__Input__
● ● ● ● ● ● ●

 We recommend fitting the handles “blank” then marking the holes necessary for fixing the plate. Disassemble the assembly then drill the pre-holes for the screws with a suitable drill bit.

● ● ● ● ● ● ●

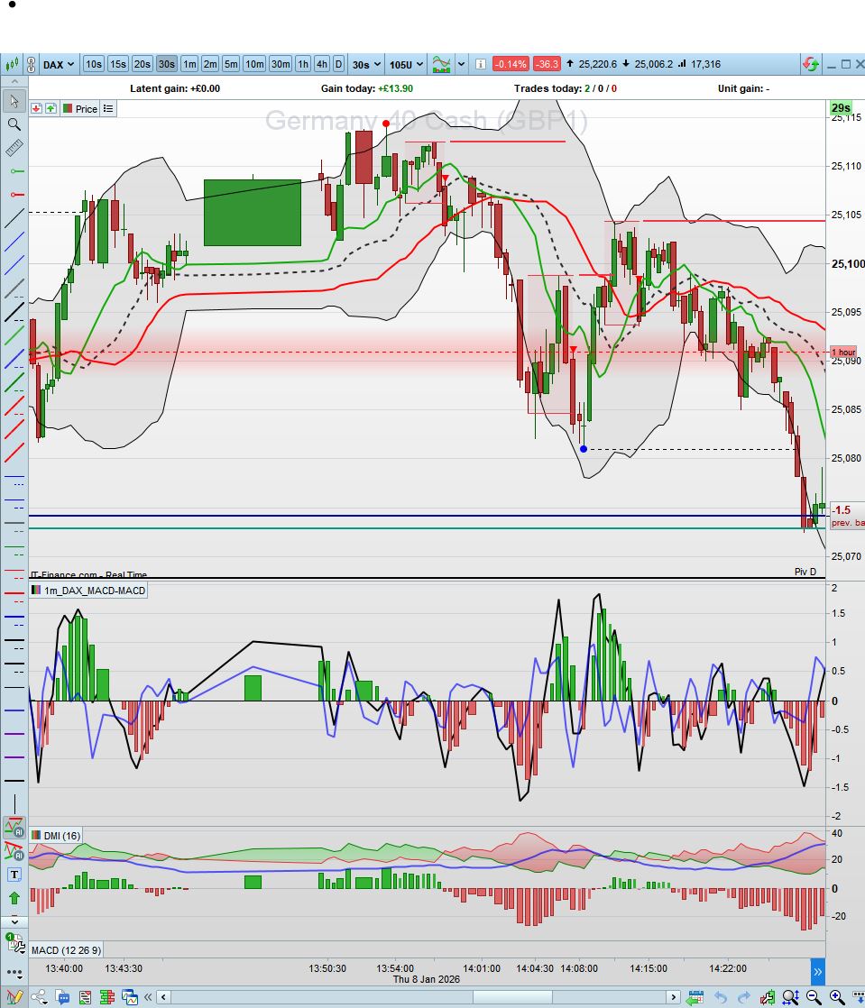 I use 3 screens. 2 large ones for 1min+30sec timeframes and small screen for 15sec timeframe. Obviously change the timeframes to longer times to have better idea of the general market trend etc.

● ● ● ● ● ● ●

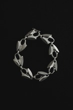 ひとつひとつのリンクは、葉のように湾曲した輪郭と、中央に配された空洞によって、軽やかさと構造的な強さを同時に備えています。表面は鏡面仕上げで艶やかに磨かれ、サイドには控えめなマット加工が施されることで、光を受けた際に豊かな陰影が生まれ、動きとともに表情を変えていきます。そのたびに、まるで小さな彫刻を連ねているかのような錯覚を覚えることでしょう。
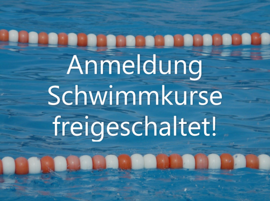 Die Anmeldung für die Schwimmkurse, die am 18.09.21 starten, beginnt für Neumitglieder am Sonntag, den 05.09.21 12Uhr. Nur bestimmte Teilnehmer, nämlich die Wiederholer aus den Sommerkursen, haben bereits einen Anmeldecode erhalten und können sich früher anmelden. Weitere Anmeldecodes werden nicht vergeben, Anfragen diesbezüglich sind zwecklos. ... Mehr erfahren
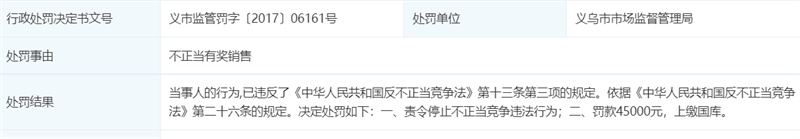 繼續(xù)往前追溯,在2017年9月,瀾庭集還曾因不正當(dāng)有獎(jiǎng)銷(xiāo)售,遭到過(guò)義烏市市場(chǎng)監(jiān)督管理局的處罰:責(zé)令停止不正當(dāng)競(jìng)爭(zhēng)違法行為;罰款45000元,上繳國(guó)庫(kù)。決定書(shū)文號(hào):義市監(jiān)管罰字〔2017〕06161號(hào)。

● ● ● ● ● ● ●

__What to do__
All pictures are to be skipped. Output, word for word, the lines in the data above starting at the line containing "ひとつひとつのリンクは、葉の" and ending at the line containing "Die Anmeldung für".

__Written answer__
 ひとつひとつのリンクは、葉のように湾曲した輪郭と、中央に配された空洞によって、軽やかさと構造的な強さを同時に備えています。表面は鏡面仕上げで艶やかに磨かれ、サイドには控えめなマット加工が施されることで、光を受けた際に豊かな陰影が生まれ、動きとともに表情を変えていきます。そのたびに、まるで小さな彫刻を連ねているかのような錯覚を覚えることでしょう。
 Die Anmeldung für die Schwimmkurse, die am 18.09.21 starten, beginnt für Neumitglieder am Sonntag, den 05.09.21 12Uhr. Nur bestimmte Teilnehmer, nämlich die Wiederholer aus den Sommerkursen, haben bereits einen Anmeldecode erhalten und können sich früher anmelden. Weitere Anmeldecodes werden nicht vergeben, Anfragen diesbezüglich sind zwecklos. ... Mehr erfahren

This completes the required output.